- Promotional poster
- Hangul: 마우스
- RR: Mauseu
- MR: Mausŭ
- Genre: Crime thriller; Suspense; Mystery; Sci-Fi;
- Written by: Choi Ran
- Directed by: Choi Joon-bae Kang Cheol-woo
- Starring: Lee Seung-gi; Lee Hee-joon; Park Ju-hyun; Kyung Soo-jin;
- Composer: Park Se-joon
- Country of origin: South Korea
- Original language: Korean
- No. of episodes: 20

Production
- Executive producers: Lee Kyung-sun Hong Seung Cheol Shin Young Jin
- Producers: Jeong Hoe-seok Nam Gun-jung Lee Hyun-young
- Camera setup: Single-camera
- Running time: 70 minutes
- Production companies: HIGROUND; Studio Invictus;

Original release
- Network: tvN
- Release: March 3 – May 20, 2021

= Mouse (TV series) =

2021 South Korean thriller TV series

Mouse is a South Korean television series starring Lee Hee-joon, Lee Seung-gi, Park Ju-hyun, and Kyung Soo-jin. Directed by Choi Joon-bae and Kang Cheol-woo and written by Choi Ran, the story follows detective Go Mu-Chi (Lee Hee-joon) as he works alongside rookie officer Jeong Ba-reum (Lee Seung-gi) to hunt a serial killer.

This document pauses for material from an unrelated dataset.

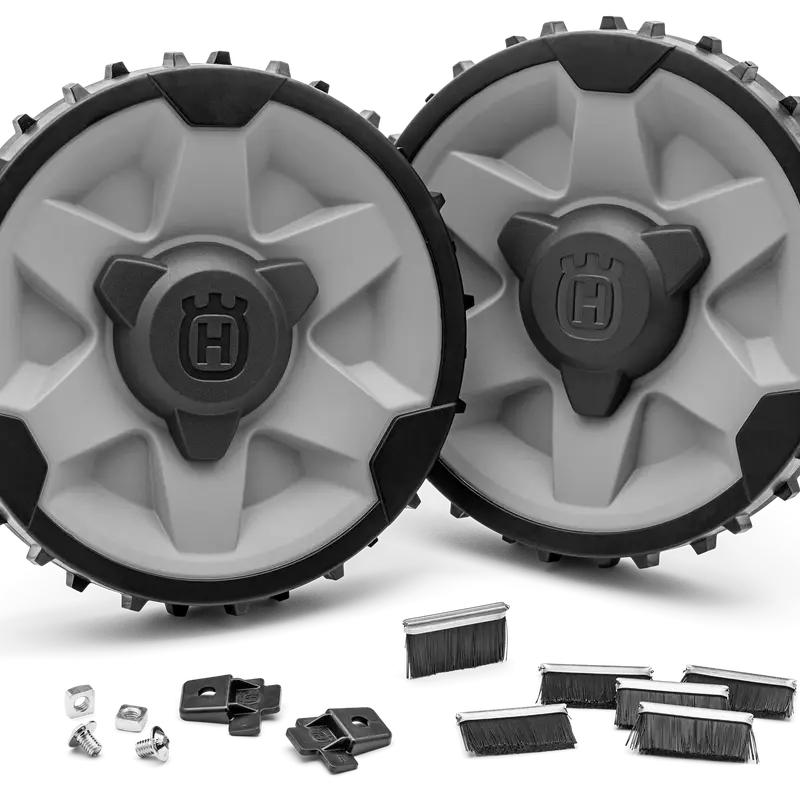 Sarja sisältää painavat takapyörät ja pyöräharjat, jotka varmistavat hyvän pidon rinteisellä nurmikolla.

The series aired on tvN on Wednesdays and Thursdays from March 3 to May 20, 2021. It was ranked 3rd hottest drama for the first half of 2021 based on KT's online video service (OTT) Seezn, and ranked 5th in tvN's all-time Wednesday and Thursday series (based on a paid platform integrated with cable, IPTV, and satellite/provided by Nielsen Korea).

==Background==
Screenwriter Choi Ran was inspired by an elementary school murder case that occurred in Incheon, South Korea, in 2017. During the murder trial, when asked about the most difficult thing the defendant is facing right now, the defendant responded, "The weather is nice, but it's the hardest for me not to see cherry blossoms." Seeing that the murderer felt no remorse or guilt, Ran developed the drama against this backdrop, as he wanted to see 'psychopath murderers feel the pain, reflect on their actions, and atone. Even if there's only a slight chance that they will feel empathy, they should understand their sins sincerely and feel remorse. That would be the best punishment and salvation for the psychopathic murderers.'

==Synopsis==
The story follows detective Ko Moo-chi (Lee Hee-joon)'s attempt to catch a psychopathic serial killer, after witnessing a horrific incident as a child and dealing with his demons from the trauma. Along with his rookie partner Jeong Ba-reum (Lee Seung-gi), he attempts to unearth the truth behind psychopathic behaviors and find answers about the genetic predispositions towards psychopathy — and how one might act on the knowledge in the event that such predispositions could be detected.

==Cast==
===Main===
- Lee Seung-gi as Jeong Ba-reum, a rookie police officer whose life changes after a confrontation with a psychopathic serial killer.
- Lee Hee-joon as Ko Moo-chi, a detective who is willing to bend the rules to catch criminals.
  - Song Min-jae as young Ko Moo-chi
  - Suh Dong-hyun as teen Ko Moo-chi
- Park Ju-hyun as Oh Bong-yi, a confident and tough high school senior who lives with her grandmother and practices martial arts daily.
- Kyung Soo-jin as Choi Hong-ju, a talented production director of a reality TV program known as "Sherlock Hong-ju" at channel OBN.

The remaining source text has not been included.